Dollar Holds Near Two-Month High as Iran Tensions and Fed Outlook Dominate Markets
The U.S. dollar remained broadly stable on Thursday as investors assessed the impact of escalating tensions between the United States and Iran, alongside stronger-than-expected U.S. inflation data that could influence future Federal Reserve policy decisions.
The U.S. Dollar Index hovered near the 100 level, maintaining gains close to a two-month high as traders remained cautious amid rising geopolitical risks and growing expectations of tighter monetary policy.
US-Iran Escalation Supports Safe-Haven Demand
Market sentiment remained fragile after U.S. forces carried out additional strikes on Iranian targets overnight. President Donald Trump also warned that further military action could follow if Iran failed to reach an agreement with Washington.
Iran responded by launching attacks on U.S. military facilities in Kuwait and Bahrain. The country also announced a suspension of vessel traffic through the Strait of Hormuz, one of the world’s most important routes for global energy shipments.
The latest escalation fueled a rise in oil prices and increased demand for safe-haven assets, helping support the U.S. dollar while keeping currency markets on edge.
Strong US Inflation Data Reinforces Fed Expectations
Fresh economic data released on Wednesday showed that U.S. consumer inflation accelerated in May, strengthening expectations that the Federal Reserve may maintain higher interest rates for longer than previously anticipated.
Headline inflation recorded its fastest annual increase in more than three years, largely driven by rising energy prices linked to the worsening Middle East conflict.
However, core inflation, which excludes volatile food and energy prices, increased by a more modest 0.2% after rising 0.4% in April.
Analysts at ING noted that while higher gasoline prices and airline fares boosted headline inflation, underlying inflation pressures were softer than expected.
They also suggested that inflation could ease in June if gasoline prices retreat, although energy market volatility continues to pose a significant risk.
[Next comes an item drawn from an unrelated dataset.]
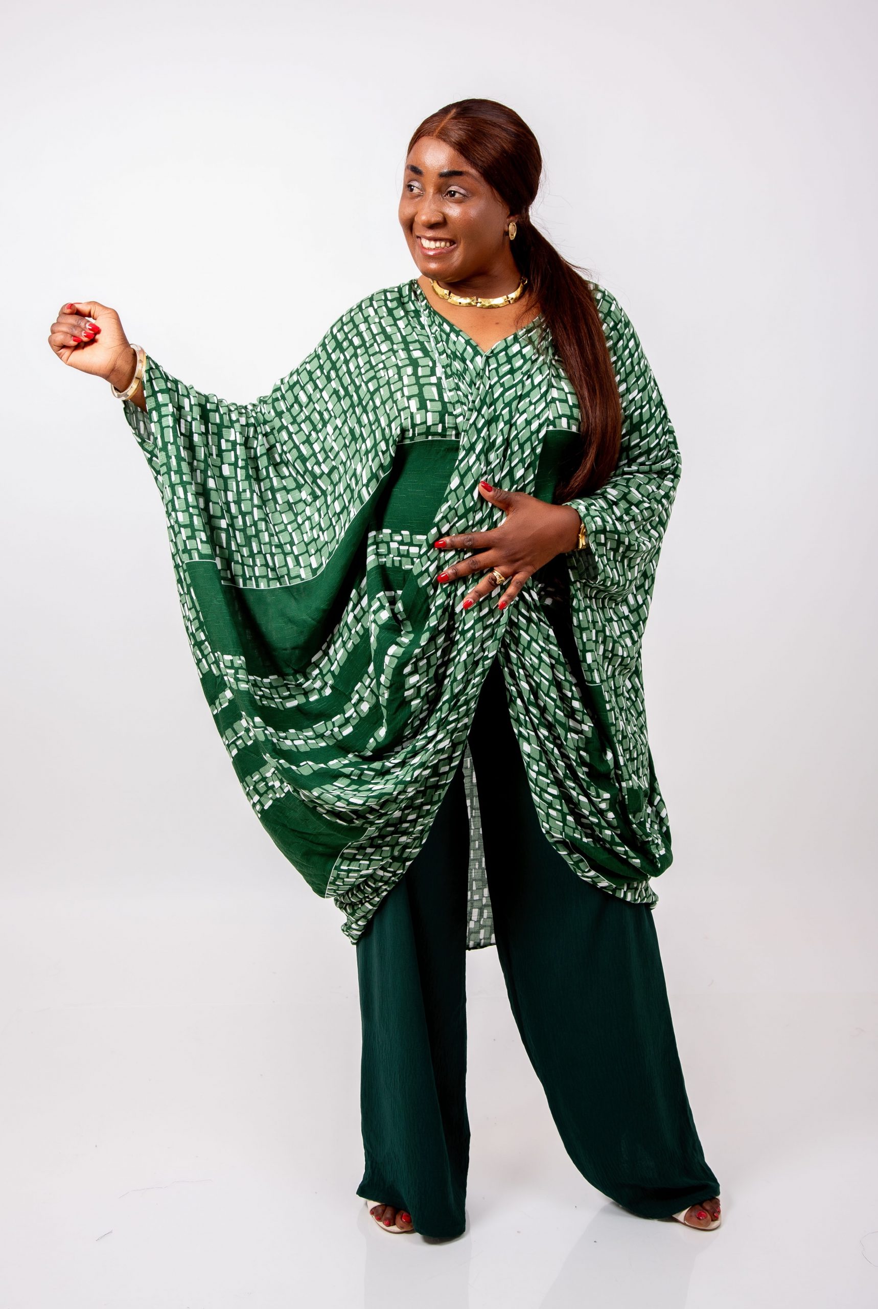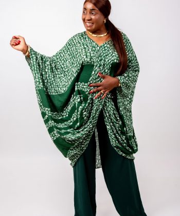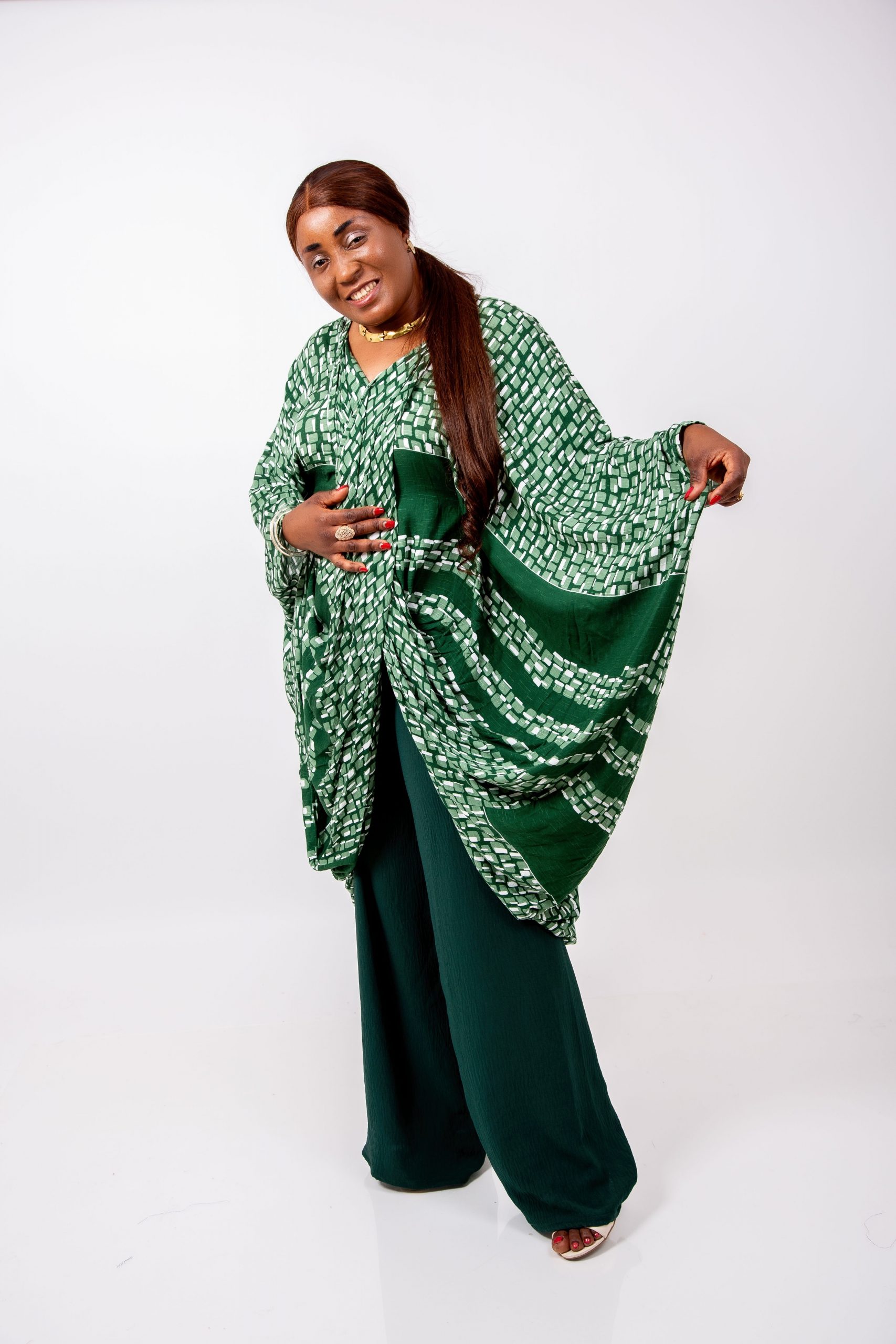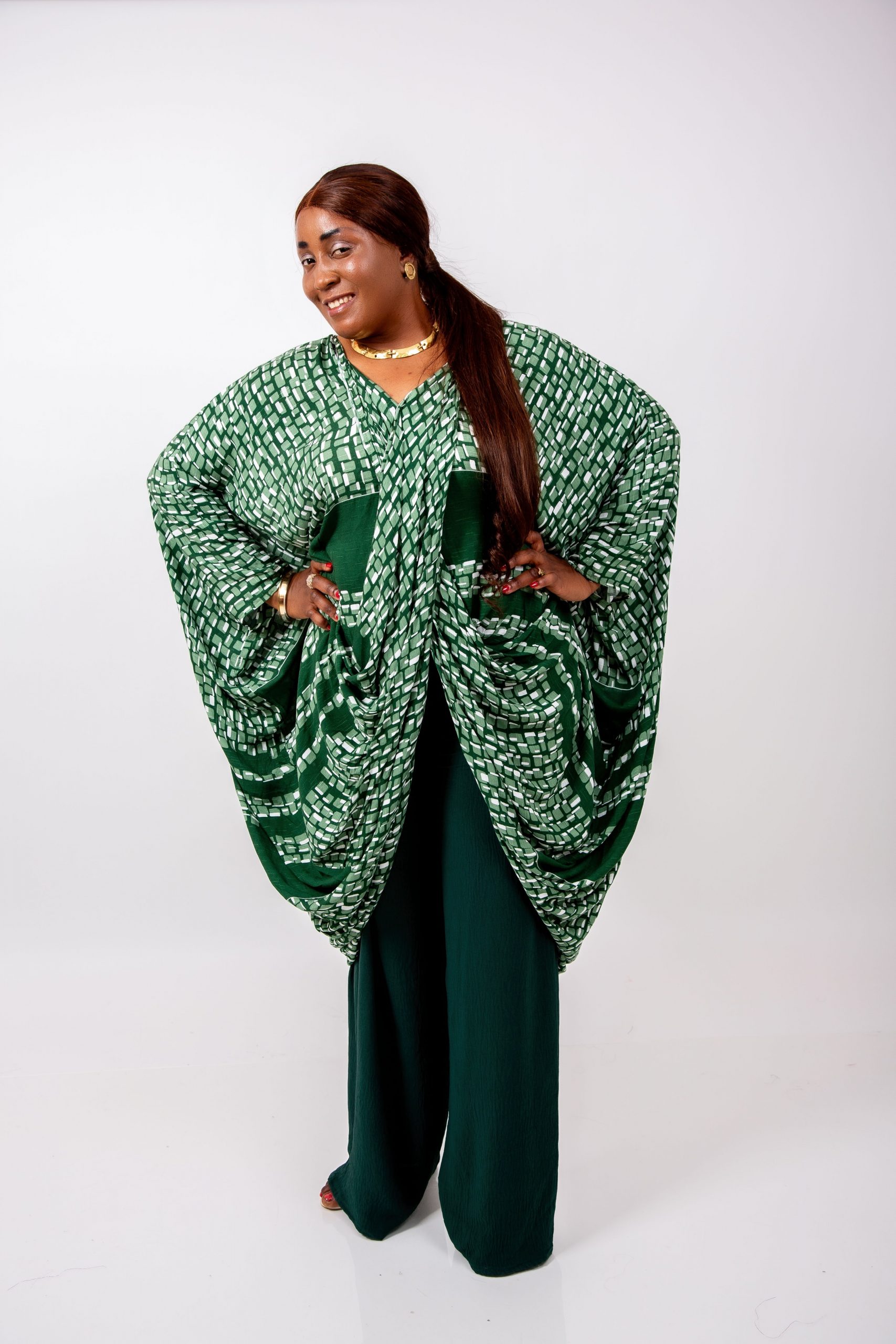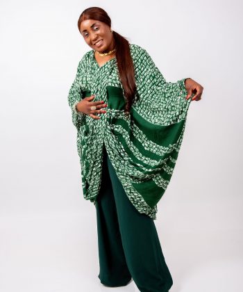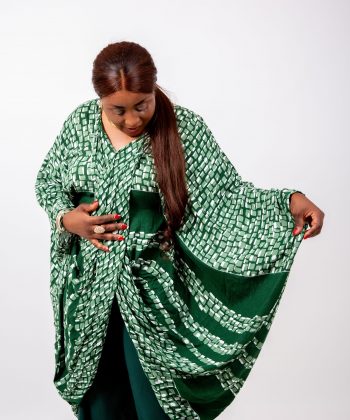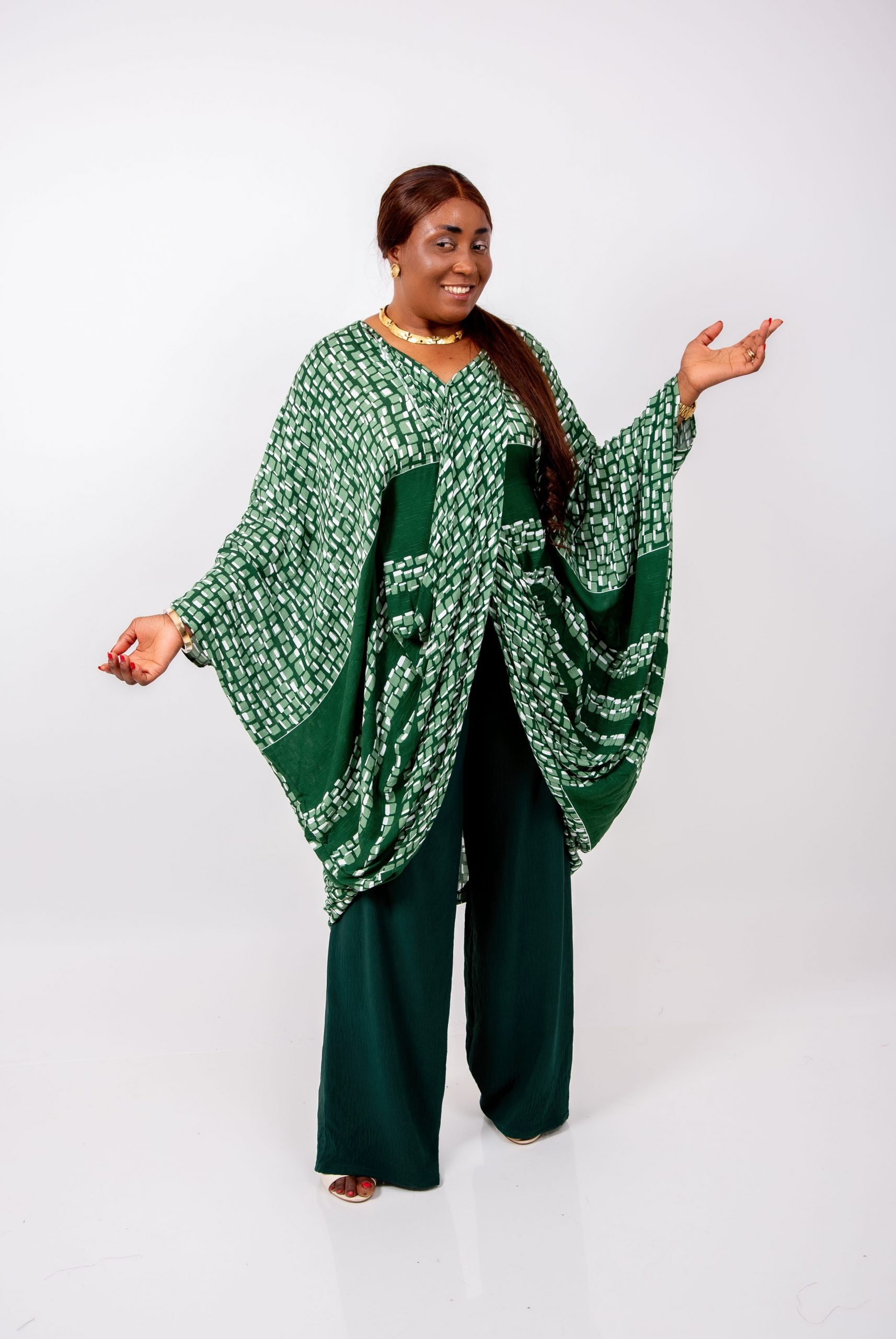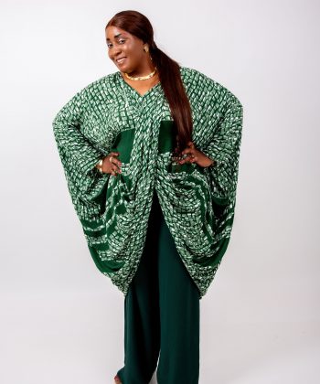 Le haut kaftan, réalisé dans un imprimé vert graphique raffiné, présente une coupe oversize qui offre une liberté totale de mouvement tout en sublimant la silhouette.

Markets Price In Potential Fed Rate Hike
Following the inflation report, investors increased their expectations that the Federal Reserve could deliver at least one additional interest rate hike before the end of the year.
Market participants are now closely watching upcoming U.S. producer price data and weekly jobless claims figures for further clues regarding inflation trends and the future path of Federal Reserve policy.
Focus Shifts to Bank of Japan Meeting
In Asia, the Japanese yen remained relatively stable, with the USD/JPY pair trading near 160.52 and holding above the key 160 level that previously triggered intervention by Japanese authorities in April.
Attention is now turning to next week’s Bank of Japan policy meeting, where investors widely expect policymakers to raise interest rates to 1.0% as inflation continues to exceed the central bank’s target.
The Bank of Japan also announced that Governor Kazuo Ueda has been hospitalized for medical treatment and will be unable to attend the June 15-16 meeting.
Meanwhile, China’s yuan remained largely unchanged against the U.S. dollar as traders awaited further economic and policy developments across the region.